Tribolo diseñó el nuevo jardín en 1539, complicando el espacio abierto al dividirlo por la mitad mediante un muro y convirtiendo el jardín inferior y de mayor tamaño en una red de habitaciones al aire libre dispuestas en torno a un laberinto central y conectadas por umbrías pérgolas y vistas cuidadosamente pensadas, de modo que era imposible ver de un solo vistazo la totalidad del lugar.
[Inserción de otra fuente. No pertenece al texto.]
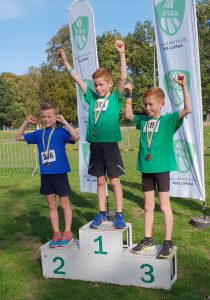 Jobbe (1e) en Tobe (3e) Van De Pas staan broederlijk op het podium (5e leerjaar jongens).

Durante el siglo XVI los miembros de la elite cultivada asociaban los jardines con la Edad de Oro clásica, y en particular con el undécimo de los doce peligrosos, audaces, agotadores y desafiantes trabajos de Hércules, aquel en que se le exigió que robara las manzanas de oro del jardín de las Hespérides.12Los Médicis utilizaron la iconografía de estatuas y fuentes para establecer una conexión entre su familia y la virtud, determinación y fuerza heroicas de Hércules, y por ello, nada más natural que encontrar una fuente en el centro del nuevo jardín de Castello, rematada por la figura de Hércules luchando con Anteo. Desde el siglo II, los artistas habían representado las manzanas de oro de las Hespérides como diferentes variedades de cítricos y Tribolo reforzó el vínculo entre los Médicis y Hércules convirtiendo el nuevo jardín en un paraíso de los cítricos.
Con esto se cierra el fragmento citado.